Profiling std::copy to pre-allocated vector:
256.866 us 19.317 us 1 main
101.321 us 0.769 us 1 _GLOBAL__sub_I_main
100.552 us 5.880 us 1 __static_initialization_and_destruction_0
94.672 us 94.672 us 1 std::ios_base::Init::Init
66.468 us 5.023 us 10 std::vector::vector
55.917 us 11.418 us 11 std::vector::~vector
54.190 us 7.921 us 10 std::copy
43.687 us 11.120 us 10 std::__copy_move_a2
35.401 us 5.504 us 10 std::_Vector_base::_Vector_base
34.061 us 5.515 us 11 std::_Vector_base::~_Vector_base
27.044 us 5.474 us 10 std::vector::_M_default_initialize
21.032 us 3.483 us 11 std::_Vector_base::_M_allocate
20.254 us 3.061 us 10 std::__uninitialized_default_n_a
19.986 us 3.071 us 10 std::_Vector_base::_M_create_storage
19.639 us 3.375 us 11 std::_Vector_base::_M_deallocate
18.550 us 14.647 us 30 std::__niter_base
17.549 us 3.466 us 11 std::allocator_traits::allocate
17.299 us 1.161 us 1 std::vector::vector
...
Enabling optimizer
Compiling with optimization enabled
$ g++ --std=c++11 vector_p.cpp -DVECTOR_COPY -O3 -o vector_copy_o3
$ g++ --std=c++11 vector_p.cpp -DVECTOR_COPY_PRE -O3 -o vector_copy_pre_o3
$ g++ --std=c++11 vector_p.cpp -DVECTOR_PUSH -O3 -o vector_copy_push_o3
$ g++ --std=c++11 vector_p.cpp -O3 -o vector_insert_o3
Same result with O3 enabled
$ time ./vector_copy_push_o3
real 0m1,009s
user 0m1,008s
sys 0m0,001s
$ time ./vector_copy_o3
real 0m1,014s
user 0m1,013s
sys 0m0,000s
$ time ./vector_insert_o3
real 0m0,153s
user 0m0,151s
sys 0m0,001s
$ time ./vector_copy_pre_o3
real 0m0,155s
user 0m0,155s
sys 0m0,000s
Optimization is really working well here.
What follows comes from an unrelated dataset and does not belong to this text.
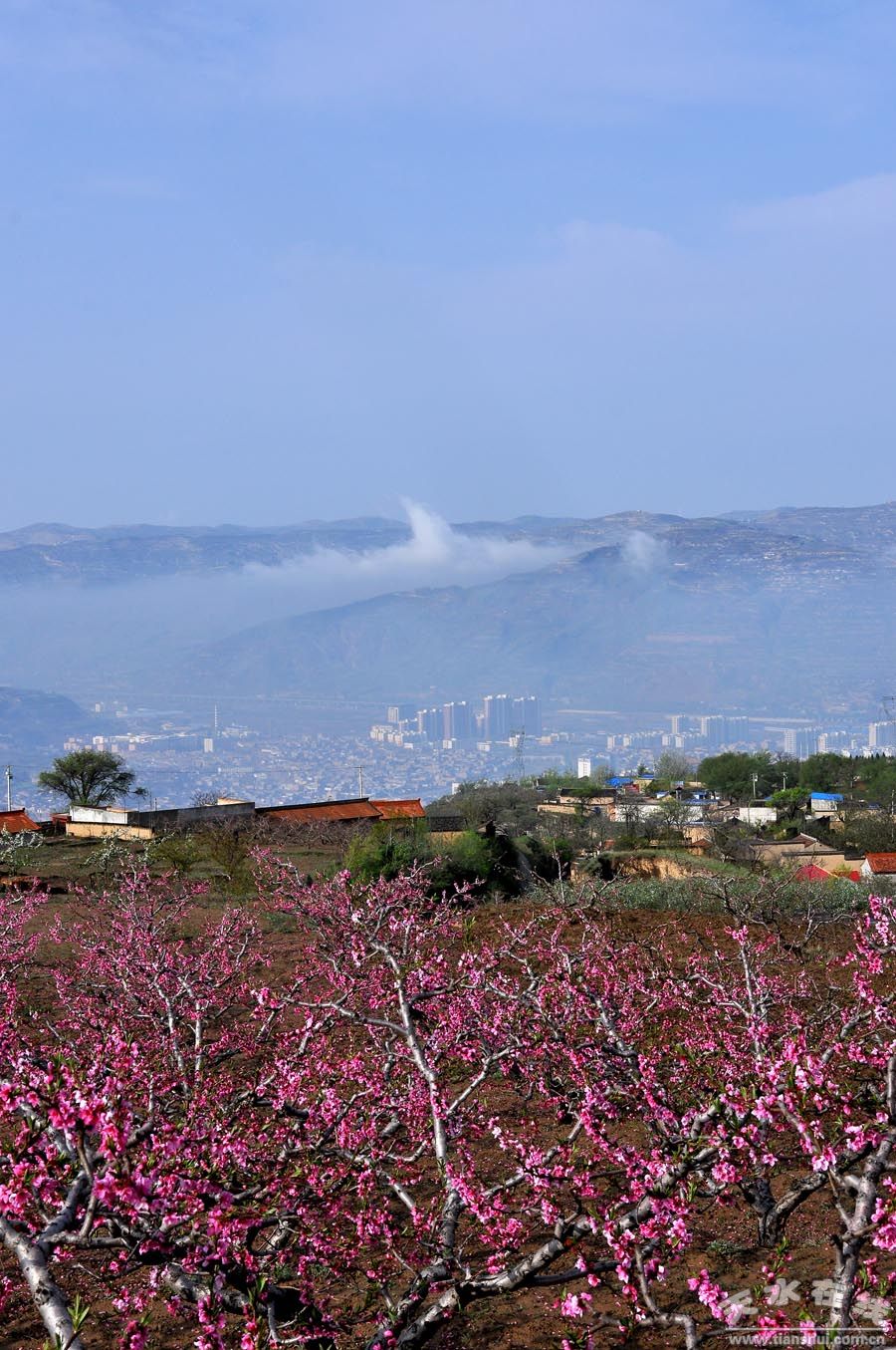 (秦安縣城及被稱(chēng)為“中國(guó)美麗田園”的“秦安何灣桃花景觀(guān)”上空,云霧繚繞,云蒸霞蔚,整個(gè)景區(qū),如夢(mèng)如幻,恍如仙境。) |

There is basically no difference between range insert and copy to pre allocated vector, it might be that the copying is optimized away completely since this dummy program does not do anything with the target vector. Still a huge gap to more naive methods.
Conclusion
If the size of the target vector is known in advance and is empty to start with it is an advantage to allocate the target vector and use std::copy to copy data to it. If appending data to an exsting vector the range insert method to the end of target vector is preferable. Optimization seem to even out the differences between those methods.